J Clin Psychol. 2025 Nov 7. doi: 10.1002/jclp.70063. Online ahead of print.
ABSTRACT
OBJECTIVE: Transdiagnostic psychotherapies offer potential advantages to traditional, disorder-specific approaches, including coverage of comorbidity, dissemination and implementation, and patient access. Although initial investigations testing the efficacy and capability to be disseminated exist, very few studies have tested these interventions within group settings.

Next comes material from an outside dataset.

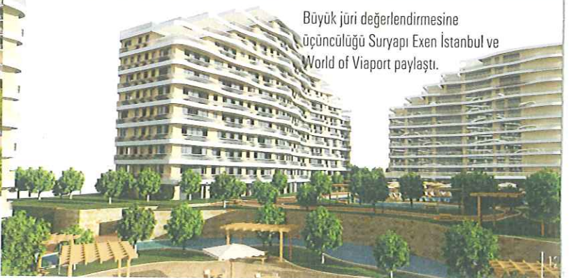
Büyük jüri değerlendirmesine üçüncülüğü Suryapı Exen İstanbul ve World of Viaport paylaştı.

METHODS: The present study involved a randomized clinical trial of Group Transdiagnostic Behavior Therapy (G-TBT) and matching group disorder-specific therapies (G-DST) in 243 veterans with major depressive disorder (MDD) and posttraumatic stress disorder (PTSD). Clinical symptom outcomes, patient satisfaction and participation, and access in terms of days between intake and the initiation of treatment were examined. G-DSTs were Cognitive Behavioral Therapy for Depression and Cognitive Processing Therapy for PTSD. Groups were initiated as soon as at least 6 participants were assigned.
RESULTS: As expected, clinical outcomes for MDD and PTSD symptoms were consistently reduced in G-TBT within principal diagnostic groups, as well as associated symptoms and functional impairment. These outcomes were generally consistent with outcomes in the G-DSTs. While therapy satisfaction was similar across groups, significantly faster group assignment and less attrition were observed in G-TBT compared to G-DSTs.
CONCLUSIONS: Together, the present findings provide support for the efficacy of G-TBT and with comparable effects to well-established G-DSTs for MDD and PTSD, but with potentially improved access to care via transdiagnostic assignment compared to tradition disorder-specific assignment for group therapies.